Jim & Andrea Romine

Dedicated to Helping People & Changing Lives

Jim and Andrea Romine have enjoyed 62 years of marriage, residing in Fayetteville for more than 50 of those years. They became engrained in the community, and each dedicated four decades to their careers at The New School and Parkhill The Clinic for Women.

They’ve traveled together extensively, and did so even more once their sons were grown. They’ve been to Japan, the Galapagos Islands, and East Africa, where they saw lions and giraffes. They’ve explored Europe through several river cruises and have twice visited Alaksa, where Andrea once accidently caught — and released — a beaver while fishing.

They’ve also done fishing trips in Canada, and have traveled to Mexico and 48 U.S. states.
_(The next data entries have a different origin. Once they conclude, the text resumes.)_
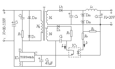 第七步確定反饋繞組的參數(shù),反饋是反激的電壓,其電壓是取自輸出級的,所以反饋電壓是穩(wěn)定的,TOP 的電源電壓是5.7到9V,繞上7匝,那么其電壓大概是6V多,這就可以了,記得,反饋電壓是反激的,其匝數(shù)比要和幅邊對應(yīng),懂什么意思嗎,至于線,因為流過其的電流很小,所以就用繞原邊的線繞就可以了,無嚴(yán)格的要求.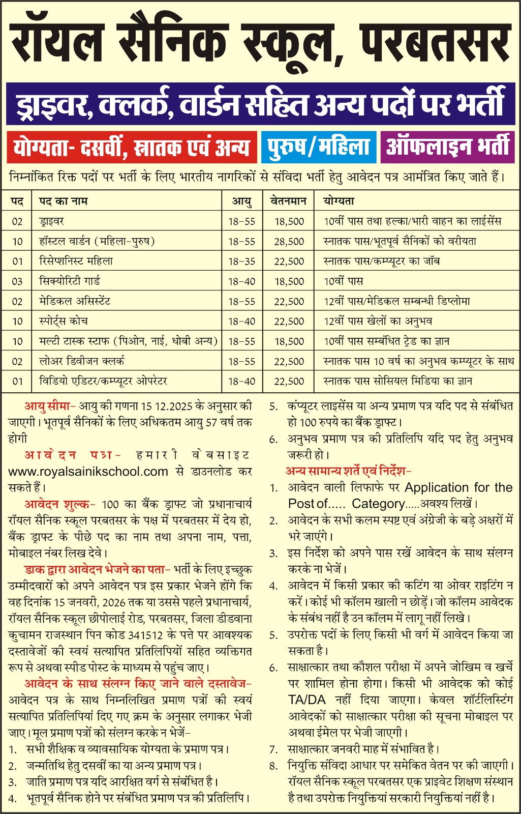 Online applications are invited for classes 3 to 12 from 15 November 2025 to 15 Jan 2026 on the official website of Royal Sainik School Parbatsar "www.royalsainikschool.com" with the prescribed fee of Rs 550.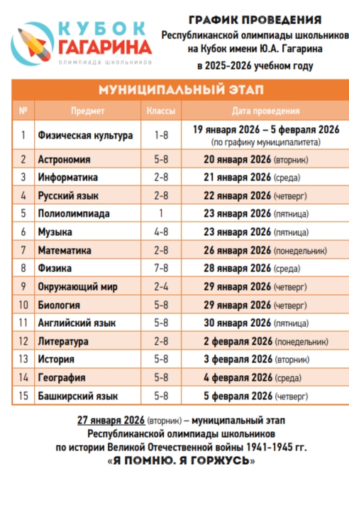 Муниципальный этап Олимпиады на Кубок им.Ю.А.Гагарина пройдет с 19 января по 5 февраля 2026 года.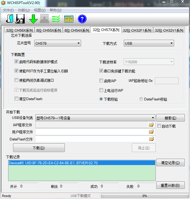 由于是个空芯片,在WCHISPTool里马上能识别到设备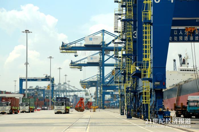 东莞外贸的强势反弹,从东莞港的繁忙程度也可见一斑。东莞港务集团提供给21世纪经济报道的数据显示,截至11月份,集团下属码头公司外贸箱量逆势增长21.56%;新开通航线2条东南亚航线(东莞-马来西亚、东莞-柬泰),外贸航线可分配舱位利用率100%,出口货量同比增长30%-40%;东莞虎门港综合保税区1-10月进出区货值1106.6亿人民币,同比增长10.8%。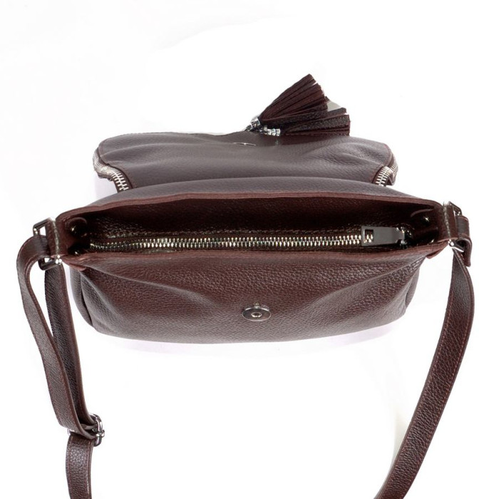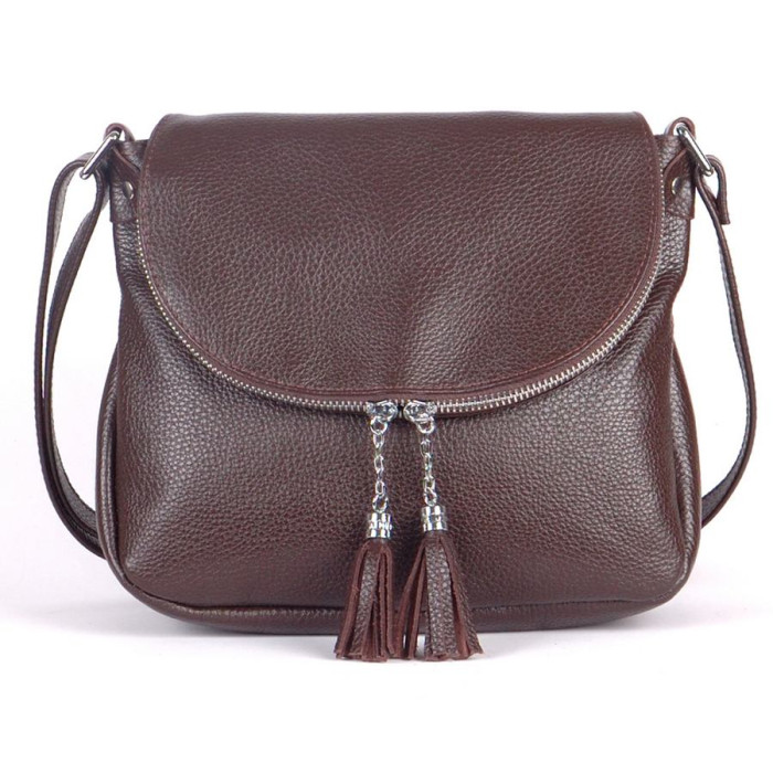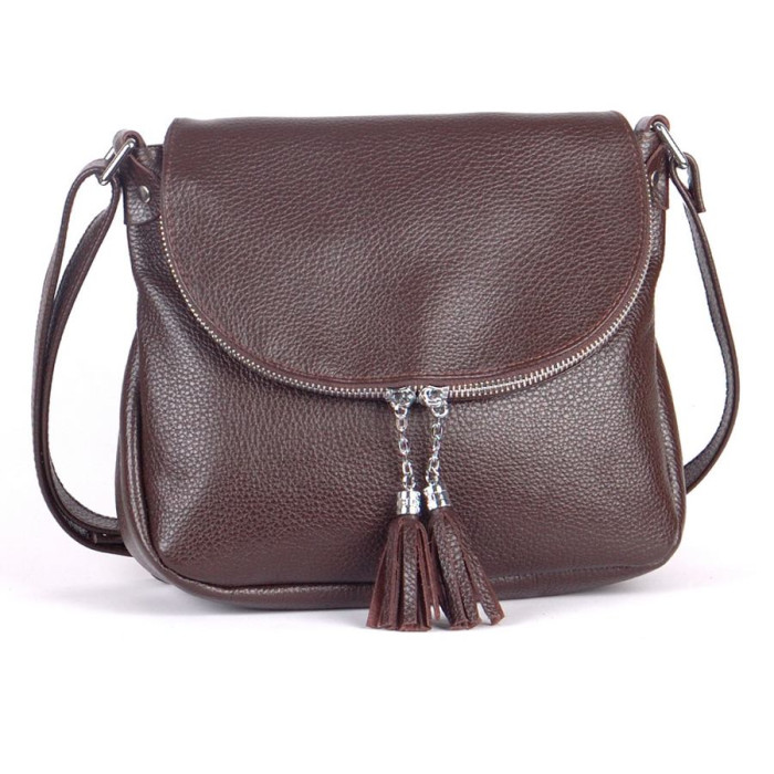 Сумка шкіряна жіноча через плече 190143 шоколадна з натуральної високоякісної шкіри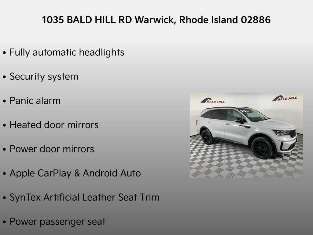 Recent Arrival! KIA CERTIFIED / CPO WARRANTY *, One Owner *, Clean CAR-FAX *, Sorento SX, 2.5L I4 DGI Turbocharged DOHC 16V LEV3-ULEV70 281hp, 8-Speed DCT, AWD, Wolf Gray, Black Artificial Leather, 3rd row seats: split-bench, Apple CarPlay & Android Auto, Auto High-beam Headlights, Automatic temperature control, Delay-off headlights, Exterior Parking Camera Rear, Front dual zone A/C, Front fog lights, Fully automatic headlights, Heated door mirrors, Heated front seats, Navigation System, Panic alarm, Power door mirrors, Power driver seat, Power Liftgate, Power moonroof, Power passenger seat, Remote keyless entry, Security system, Smart Key w/ Push Button and Remote Start, Steering wheel mounted audio controls, SynTex Artificial Leather Seat Trim.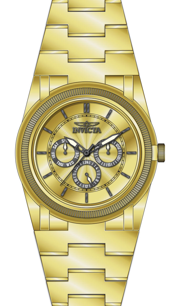 Band Material: Stainless Steel, Band Tone: Gold, Band Width: 33MM, Band Length: 200MM, Buckle Type: Fold over safety, Clasp Type: Safety,Deployment, Please note that bands do not ship with spring bars or T bars. If you need these parts, please add them to your cart with the corresponding part sku.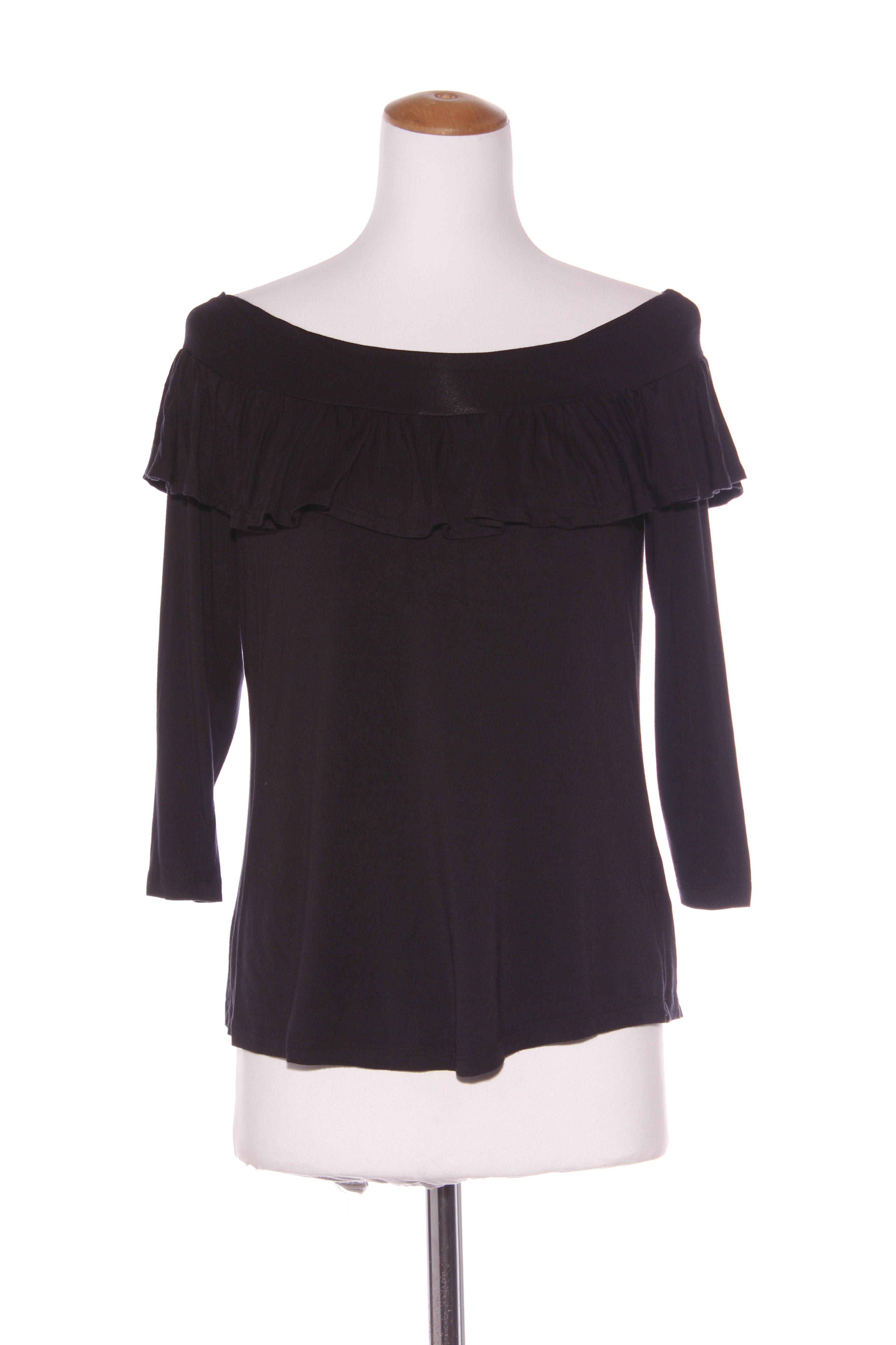 SIZE ON TAG: MFITS LIKE: 12COLOUR: BlackFABRIC: 95% viscose, 5% spandexCONDITION: Excellent prelovedMEASUREMENTS:BUST: 47cms WAIST: 46cms LENGTH: 55cms NOTES: "In the black - Shoulder on". Off the...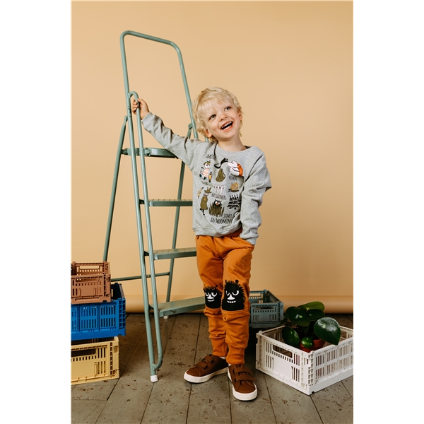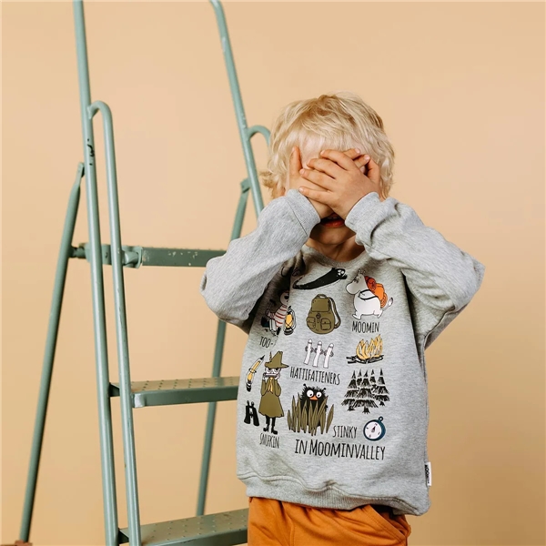 Moomin College Sweater Grey er en myk og behagelig Mummigenser i oversize. Genseren har en rund hals og et trykt mønster med ulike mummikarakterer i campingtema.

Jim trekked to a lookout point at Everest Base Camp in Nepal, and he and their youngest son, Matt, hiked to a 12,000- foot elevation at Mont Blanc in France. Andrea secretly took fly fishing lessons and surprised Jim with her newfound skills on a trip to the White River.

“I just love experiencing new places, and being able to see and experience other cultures,” Andrea said.

Photographs and other memorabilia from their travels and life together decorate their double office, with two desks and computers. The furniture in their apartment includes family heirlooms – such as Andrea’s grandfather’s chair and her grandmother’s tea cart.

Navigating mobility issues as they’ve aged, their travel days are behind them. But they stay plenty busy and engaged by connecting with fellow Butterfield Trail Village residents and joining in the range of activities and programs offered. Among their favorites are monthly jam session sing-alongs and the recent 1950s-themed sock hop, where they mostly talked with friends and reminisced about that era.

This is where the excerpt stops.